What the task requires: From the data below, repeat everything exactly except the images.

Source material:
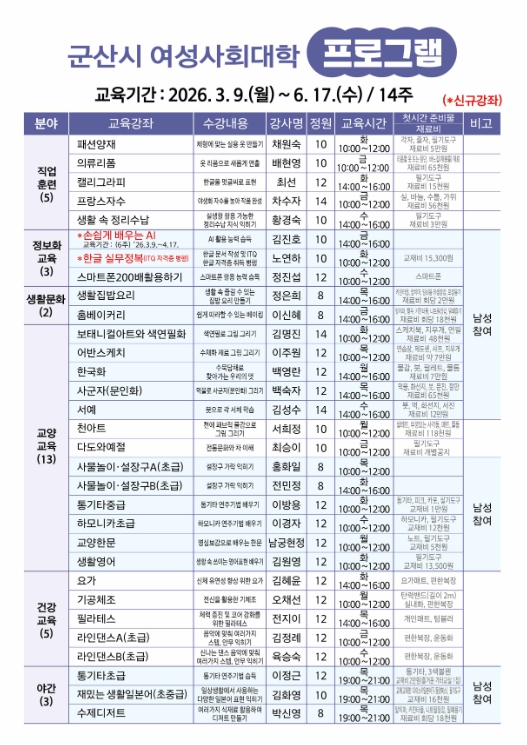 [파이낸셜경제=김예빈 기자] 군산시 여성사회대학이 오는 2월 24일부터 27일까지 상반기 프로그램 수강생을 선착순 모집한다.
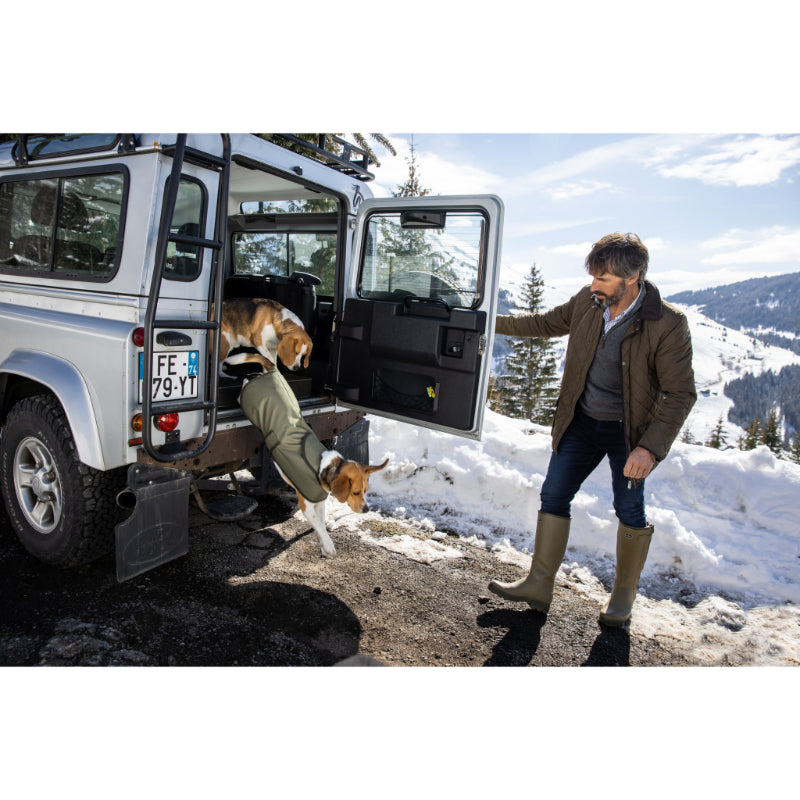 The Le Chameau Dog Coat is a smart and practical addition to your pet care kit if you have a dog that feels the cold. Crafted with a cosy fleece lining for warmth and comfort and a durable outer shell. The adjustable straps feature soft touch hook and loop fastener ensuring that your dog's fur does not get caught. There is also a very useful hole at the neck for the lead to be attached through.
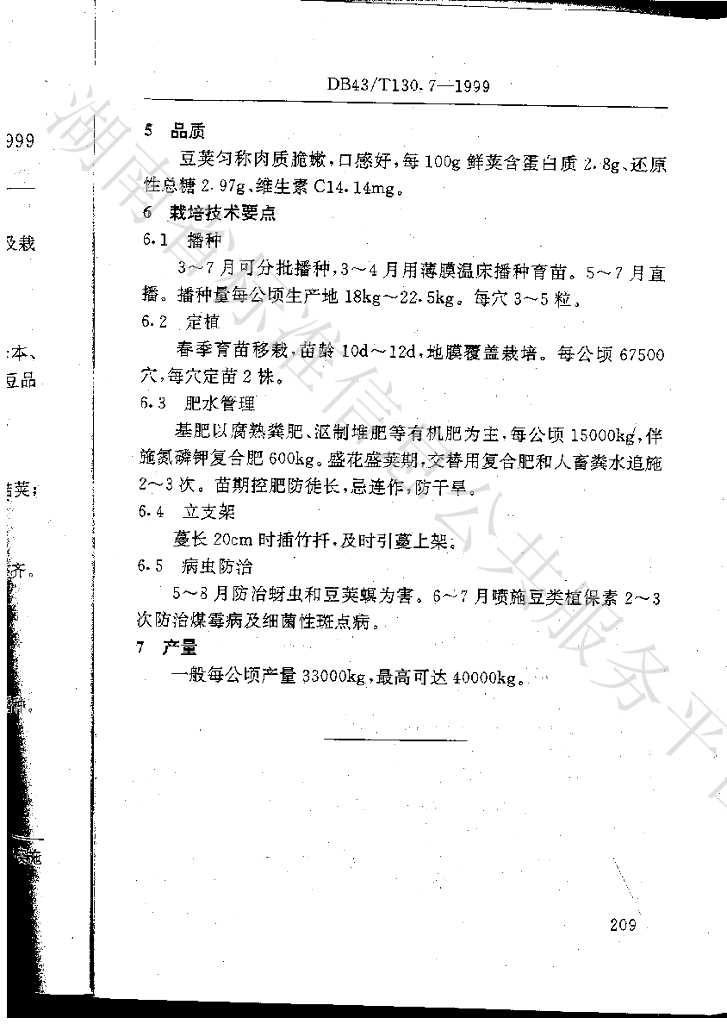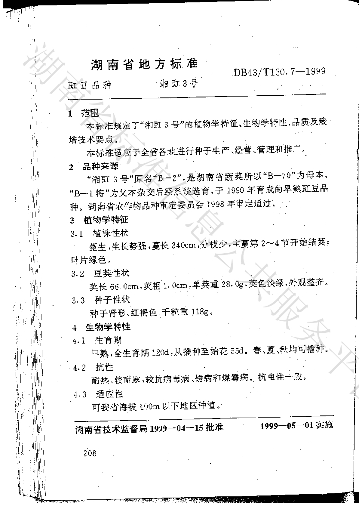 DB43/T 130.7-1999 豇豆品种 湘豇3号

Worked solution:
 [파이낸셜경제=김예빈 기자] 군산시 여성사회대학이 오는 2월 24일부터 27일까지 상반기 프로그램 수강생을 선착순 모집한다.
 The Le Chameau Dog Coat is a smart and practical addition to your pet care kit if you have a dog that feels the cold. Crafted with a cosy fleece lining for warmth and comfort and a durable outer shell. The adjustable straps feature soft touch hook and loop fastener ensuring that your dog's fur does not get caught. There is also a very useful hole at the neck for the lead to be attached through.
 DB43/T 130.7-1999 豇豆品种 湘豇3号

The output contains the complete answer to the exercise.